So Google started out on the right path, but eventually they went wild and desperate, and did all the things with their product that users probably thought they would never do. So now I'm shopping for a search engine to invest in. DuckDuckGo could be that, except for this one problem. Imho, it's inexorably on the same path that Google was on. That means they're going to spend years of our time pretending that they are still on our side, until one day it'll be blatantly obvious that we just wasted years waiting for them to give take us somewhere we'd want to go . They are using us as pawns, as big techco's always do.
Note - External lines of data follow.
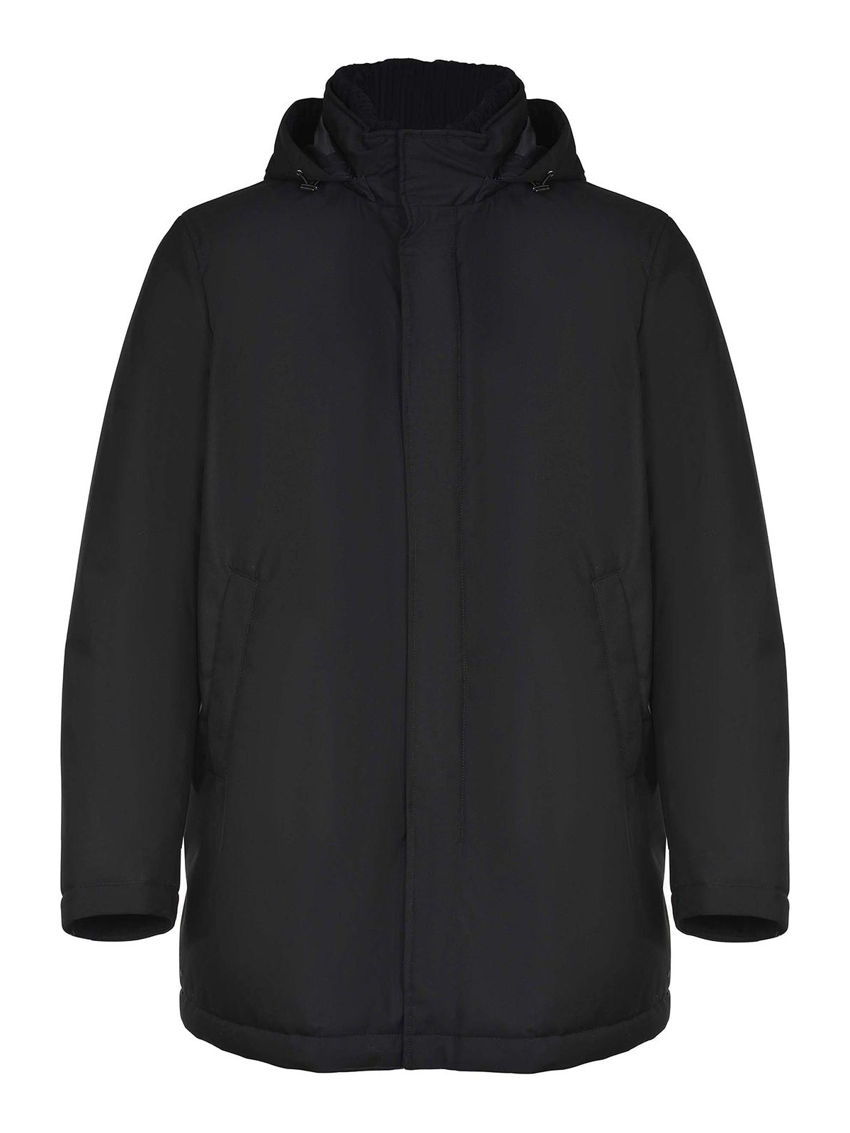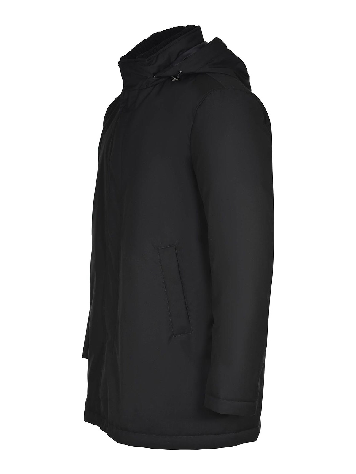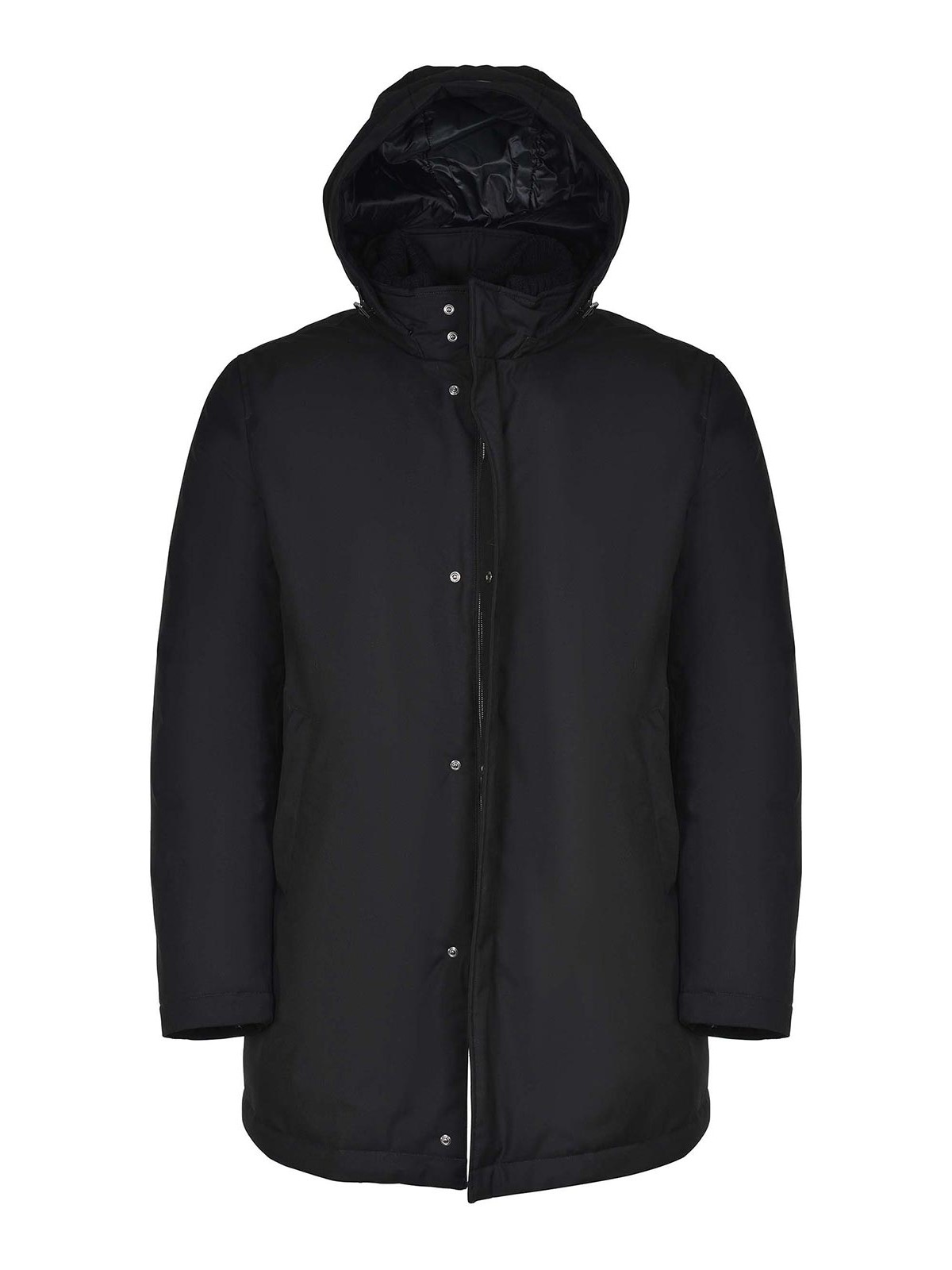 Daunenjacke Herno aus schwarzem technischem Gewebe. Kapuze mit elastischem Kordelzug. hoher Kragen, mit Rippstrick veredelt. Lange Ärmel. Verschluss mit Druckknöpfen und Zwei-Wege-Reißverschluss. Seitentaschen. Logo-Patch aus Metall an der Kapuze und auf der Rückseite. Gänsedaunenpolsterung. Reguläre Passform. Füllung: 80% Daunen, 20% Federn. Material: 80% Polyester, 20% Viskose
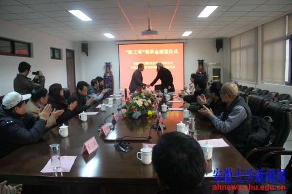 本网讯(学生记者 周阳)记者从12月19日下午举行的“轻工杯”奖学金续签仪式上获悉,“轻工杯”奖学金再续签5年,奖励金额比之前翻了一番。“轻工杯”奖学金由安徽轻工国际贸易股份有限公司在我校经济学院设立,是我校设立最早的奖学金之一,20年来已有约500人获得奖励,成为校企合作培养人才的成功典范。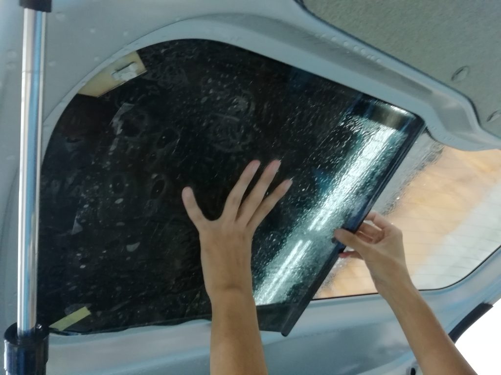 後部座席からリアガラスにかけて、断熱スモークフィルムの施工が基本となります。
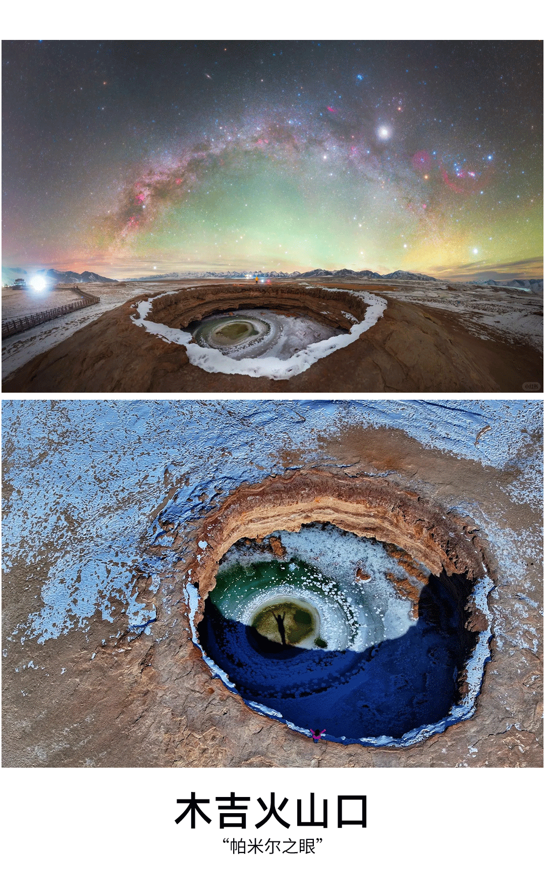 第一站前往木吉火山口。在新疆最西部阿克陶县木吉乡的帕米尔高原上,有一座似梦幻一般的山谷。它就是有“帕米尔之眼”之称的木吉火山,全名喀日铁米尔火山群。柯尔克孜语,意为“喷发”。1500年前的火山喷发留下冰与火的幻境,与十八罗汉雪峰摇摇相守。虽然它是很久以前喷发的,但目前仍保留着透明的冰川、清澈的冰蚀湖、深不见底的冰洞、甘甜的冰川雪水。在整个卡日铁米尔境内,拥有着大大小小13处火山口,他们之间相互交错,高低错落,形状各异,以它们独特的造型和不同的地质色彩,向人们讲述着一千年前这里发生的故事。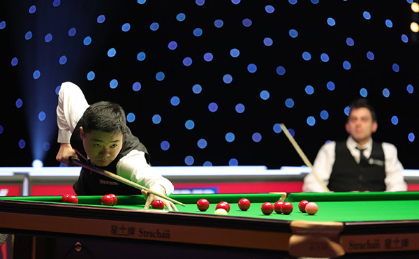 首局丁俊晖迅速找到手感,充分上手后,打出一杆83分清光黄球,奥沙利文上场热身清台,丁俊晖以104-32先声夺人。第二局上来两人防守争夺,丁俊晖一杆连打带跑,将红球留在袋口。奥沙利文打进后咖啡球中袋失误,此后再进红球依然未能叫到彩球。丁俊晖长台打进后上手,围绕黑球和粉球连续进攻,单杆得到75分再下一局。

There is an antidote to VC-driven mission creep that "big techco's" are susceptible to. It is essentially the craigslist model, where you have a small privately held company that is perfectly happy to not maximize profits or expand its reach or really change at all as it grows.
Pinboard just does bookmarks and Maciej seems to have planned it well enough that he can smoothly scale it up with steadily growing profits and no need for big outside investors. It is a profitable small business that seems to suit his needs just fine.
So the question is, when will the understanding of search and the availability of storage and processing power make a similar search engine inevitable? Perhaps soon:
Sebastian Thrun, who taught the massive on-line AI class with Peter Norvig at Stanford, has left Stanford to join a startup to offer more online courses. Their first course will teach complete novices how to build their own search engine, in seven weeks.
Google's drive into social may be motivated by a fear of being disrupted in the basic search market. Regardless of what is really going on, Google's actions are making real competition for search likely for the first time in decades.